== WHAT TO PRODUCE ==
The listing is to be transcribed in full, with its images left out.

== DATA SHOWN ==
--------------------------------
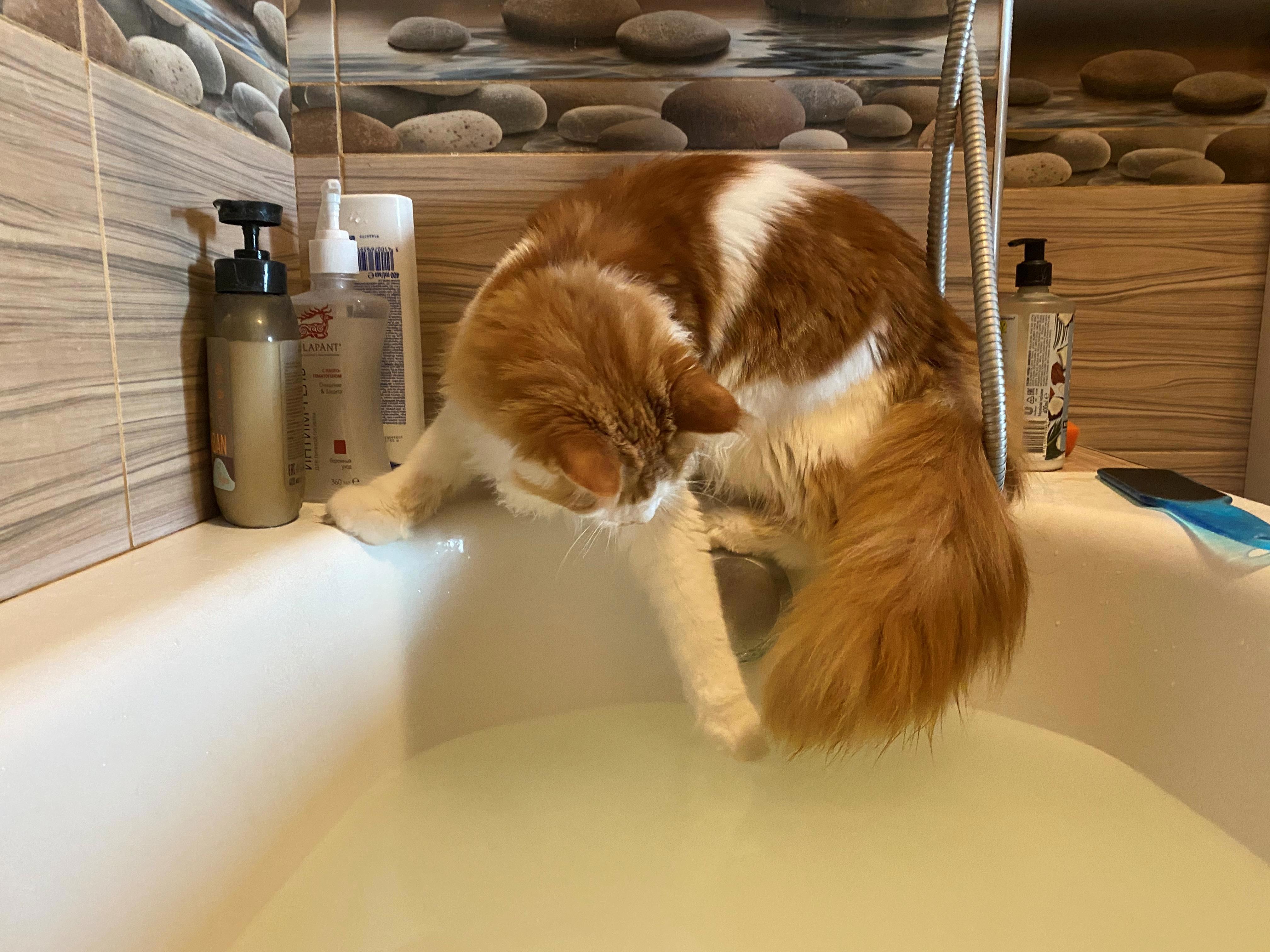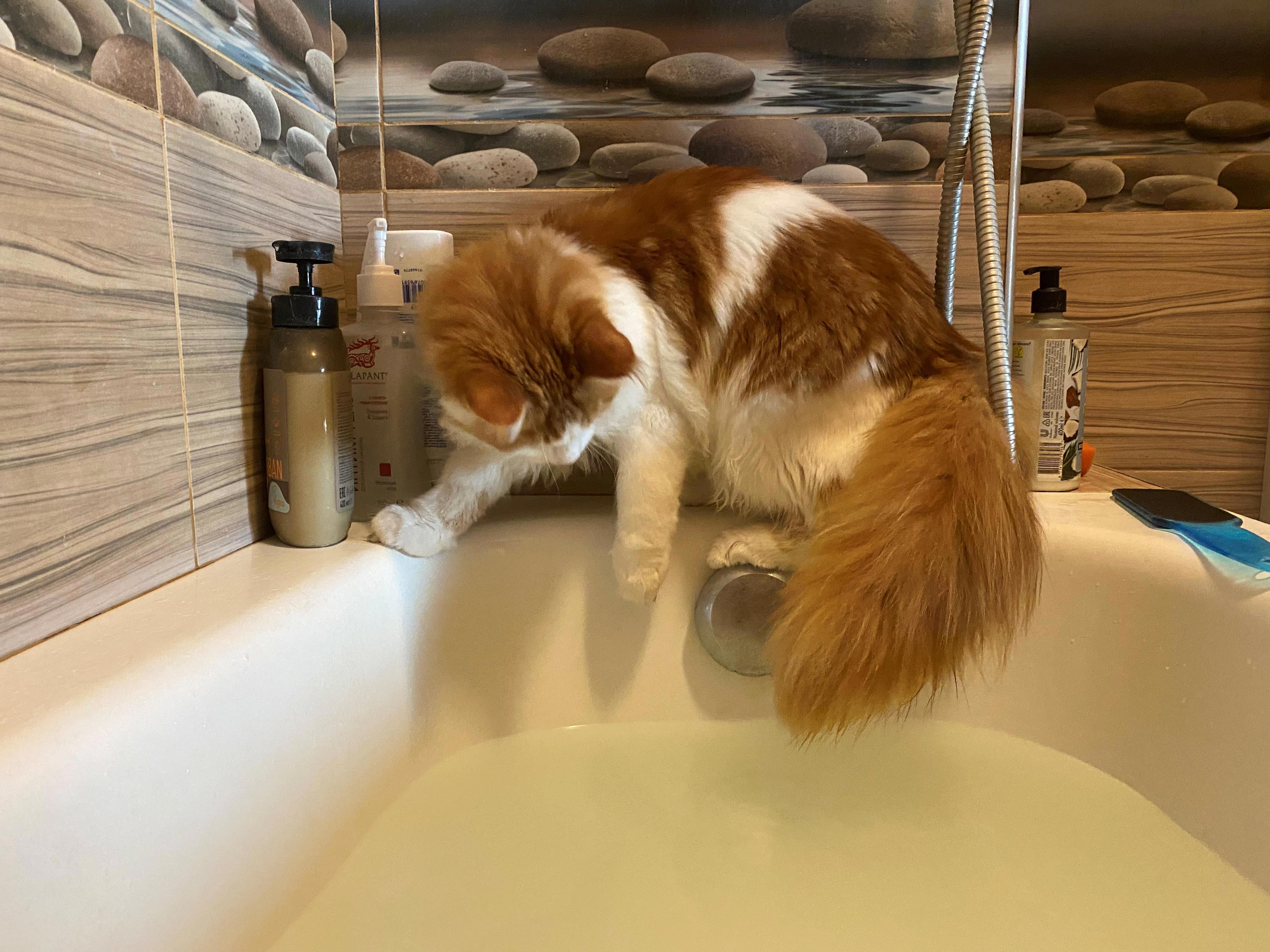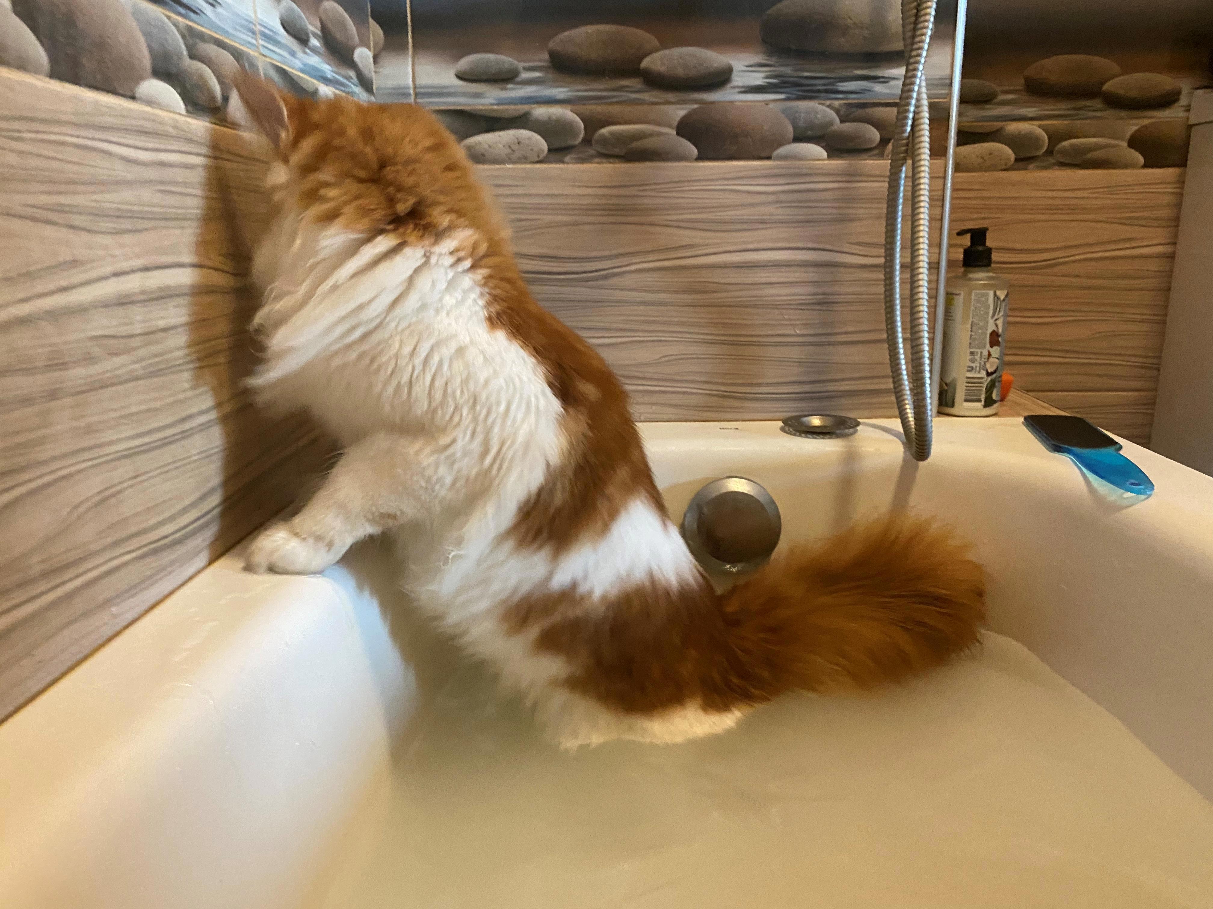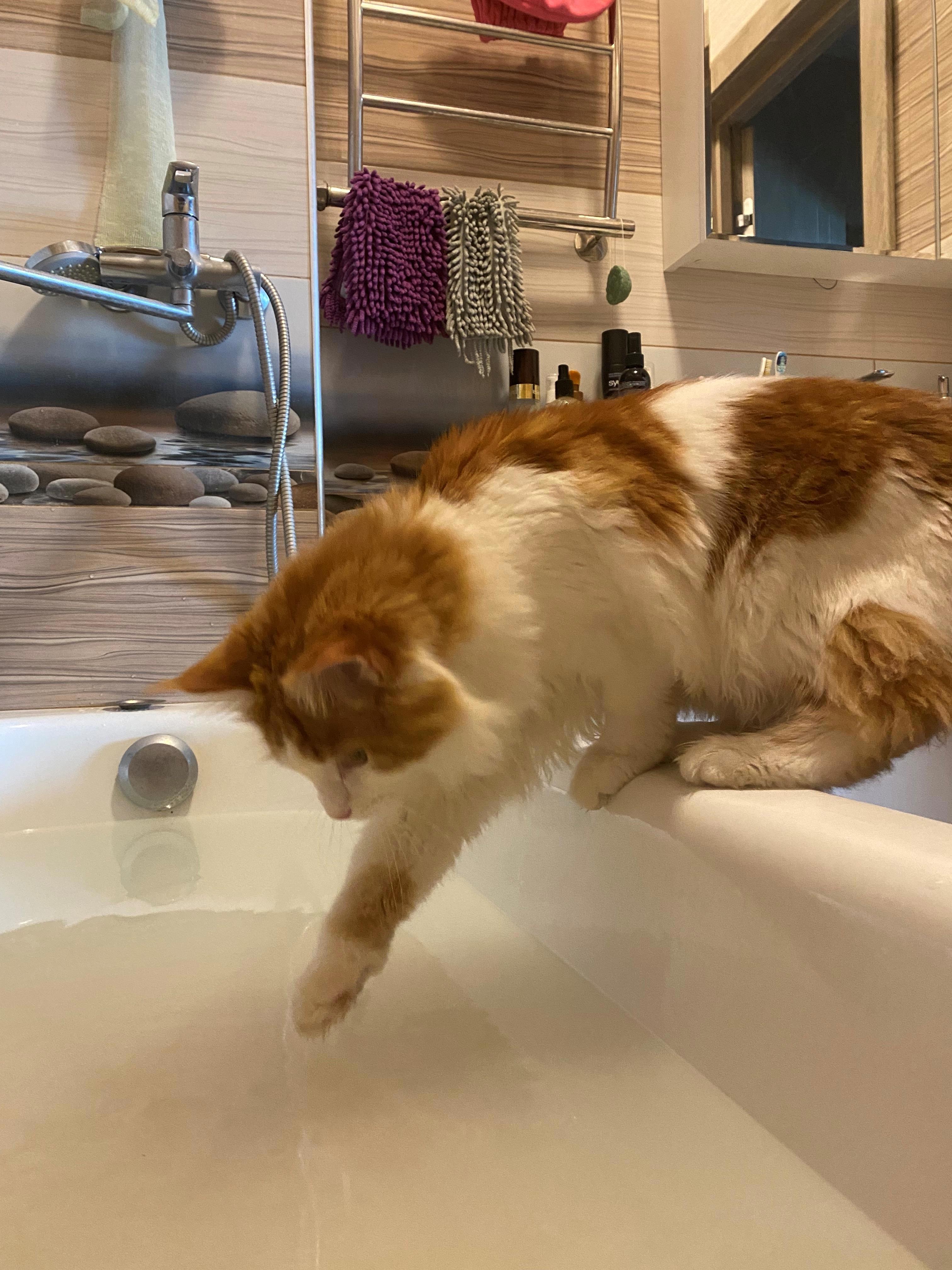 Автор: Анастасия ЖурбаКнопка воду не боится, но и не сильно любит. Играет с водой с удовольствием, а купаться не предпочитает, но иногда выбирать не приходится...
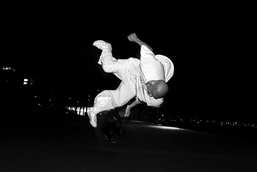 Ashim Hajra’s Bubbles Be Trickin’ takes a more direct approach to the theme. The image, a black-and-white shot of a man dressed in white, seems suspended in space at night. His form is both falling and flying, caught in a delicate balance between inertia and movement. In this piece, Hajra directly engages with the concept of momentum as something that exists in multiple states.
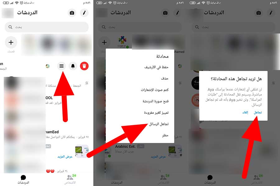 كيف الغي تجاهل الرسائل في الماسنجر
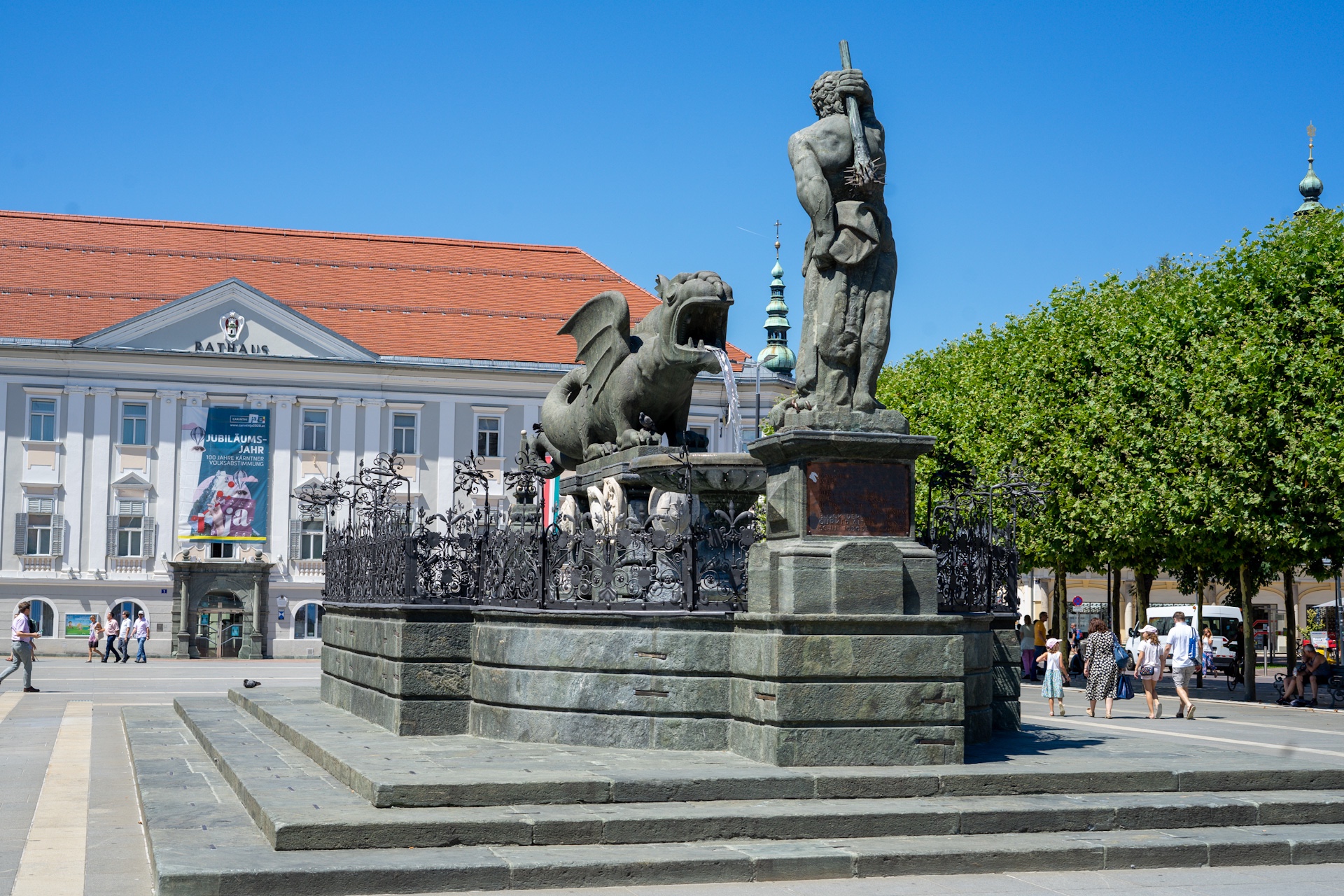 In Klagenfurt selber lassen wir die „Innere Stadt“ auf uns wirken. Direkt am Rathausplatz steht der große Lindwurm, der einer Sage nach in den Sümpfen um Klagenfurt erschlagen wurde und deshalb das Wappentier der Stadt ist.
--------------------------------
== REPLY ==
 Автор: Анастасия ЖурбаКнопка воду не боится, но и не сильно любит. Играет с водой с удовольствием, а купаться не предпочитает, но иногда выбирать не приходится...
 Ashim Hajra’s Bubbles Be Trickin’ takes a more direct approach to the theme. The image, a black-and-white shot of a man dressed in white, seems suspended in space at night. His form is both falling and flying, caught in a delicate balance between inertia and movement. In this piece, Hajra directly engages with the concept of momentum as something that exists in multiple states.
 كيف الغي تجاهل الرسائل في الماسنجر
 In Klagenfurt selber lassen wir die „Innere Stadt“ auf uns wirken. Direkt am Rathausplatz steht der große Lindwurm, der einer Sage nach in den Sümpfen um Klagenfurt erschlagen wurde und deshalb das Wappentier der Stadt ist.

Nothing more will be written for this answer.